A long AFL season and finals series takes its toll on the body. Every year there are injured stars who become part of a ‘will they play, or won’t they’ narrative leading up to the biggest game of the year.
As we approach the conclusion of the 2021 season, it’s the likes of Melbourne’s Steven May and the Bulldogs’ Cody Weightman with injury clouds hanging over them, unsure if they’ll be able to take to the field in what is the biggest game of their career.
In 1999 though, all eyes were on North Melbourne midfielder Anthony Stevens, after the Kangaroos midfielder suffered a devastating ankle injury in the preliminary final that threatened to rule him out of the third grand final of his career.
In a story that has since gone down in AFL folklore, Stevens managed to participate in the game, collecting 11 touches in the first quarter before tearing his pec in the second term.
Stevens says it was only participation in the Thursday’s training session allowed him to play against Carlton that weekend.
“The doctors had said it was pretty much a 14-week injury, but Denis (Pagan) said, to his credit, he’d give me ten minutes on the Thursday, and if I could get around at training then he’d play me,” Stevens told SEN.
“I got out onto the track for ten minutes, [but] I couldn’t feel my ankle hitting the ground after Doctor Harry Unglik had juiced me up … it was a really weird feeling.
“I was a bit nervous leading into the grand final, but it was actually perfect. I had enough feeling in my ankle that it was sore, but not painful. The medical team nailed it and I was pretty happy to get over the line and get out there, it’s a great memory.
“It was just the worry that I was going to let down the boys if I actually went out there. That was the biggest concern for me.
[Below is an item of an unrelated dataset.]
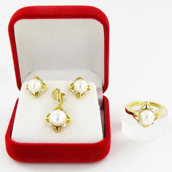 51.9ct FW Pearl Lab Diamond Yel. Gold Vermeil on Sterling Set (JEW-4161)

“I had the courage that I knew I could probably get through after doing ten minutes … I ended up not playing the whole game because I tore my pec muscle off the bone about 15 minutes into the second quarter.”
Those ten minutes of training for Stevens to prove his fitness are seen as a true testament to the courage and Shinboner spirit constantly shown by the former captain over the course of his career.
He almost didn’t get out onto the field to prove his fitness though, with a pre-training test potentially going horribly wrong.
“I had to go into Melbourne’s CBD to get jabbed up … Harry was pretty excited at the time because he believed I could get through the game. He took me straight to Denis’ office,” Stevens said.
“Denis, as much as Harry was the doctor, thought he was the expert, so he had me doing what he called ‘the ankle test’.
“He had me hopping around his office, hopping backwards, forwards, crossways, upside down. At one stage something just went crack in my ankle and I collapsed to the ground. I thought it was over.
“He still gave me ten minutes even though he thought I wouldn’t get through. I went out and got around ok even if my kicking was pretty ordinary. He had some doubts because I’d collapsed in front of him, but I was able to get through … it was a hairy moment.”
Even though the pec injury ended Stevens’ game early, he finished the 1999 season with a second premiership medallion hanging around his neck, but without the backing of Denis Pagan and North’s medical team, he never would have been in a position to play.
Despite winning the 1999 Syd Barker Medal and putting together arguably the best season of his career, Stevens says if he wasn’t cleared to play, there’s no way he was going to push the issue.
“It was a concern leading into the game, [but] you’ve got to have confidence in your medical staff, and I did. We had a medical team full of absolute superstars who did everything they could,” he said.
“They would have told me if I wasn’t up to it, so in the end I never would have played in that grand final if I didn’t actually think I could get through the whole game, because it might have gone down to the wire.
“I had physio three times a day for that whole week … I was trying to keep off it as much as I could, it was aching and it was black and blue up to my knee because of the work I was getting done on it trying to keep the fluid out of my ankle.
“The medical team, with Denis Pagan, would have definitely pulled the pin if I wasn’t up for it. I was lucky we had a first-class medical team that was led by Harry Unglik at the time.
“As it would have hurt me I would have just walked away [if I wasn’t fit]. I wouldn’t have had any regrets in walking away and being a part of sitting on the bench or doing something like that.”
In most seasons, there’s at least one hard luck story heading into the grand final, whether it be Cameron Mooney remaining unselected for Geelong in 2011, Bob Murphy missing the Western Bulldogs’ triumph in 2016 through injury, or Robert Scott’s absence in 1999.
This year though, it’s Melbourne’s Nathan Jones. With the former captain, three time best and fairest winner and 300 game player missing out on what would have been the final game of his career.
Stevens says if anyone deserved to play in this year’s grand final, it was the Demons’ champion.
“Nathan Jones, who I absolutely love as a footballer, to see what he’s done over the journey with Melbourne and to get them to where they are today to then miss out, I have a tear in my eye for that boy,” he said.
“He’s an absolute superstar and an icon of that footy club. You’d do anything to get to get to a grand final and for him to miss out is just devastating … [but] the footy club comes first and is bigger than any player.”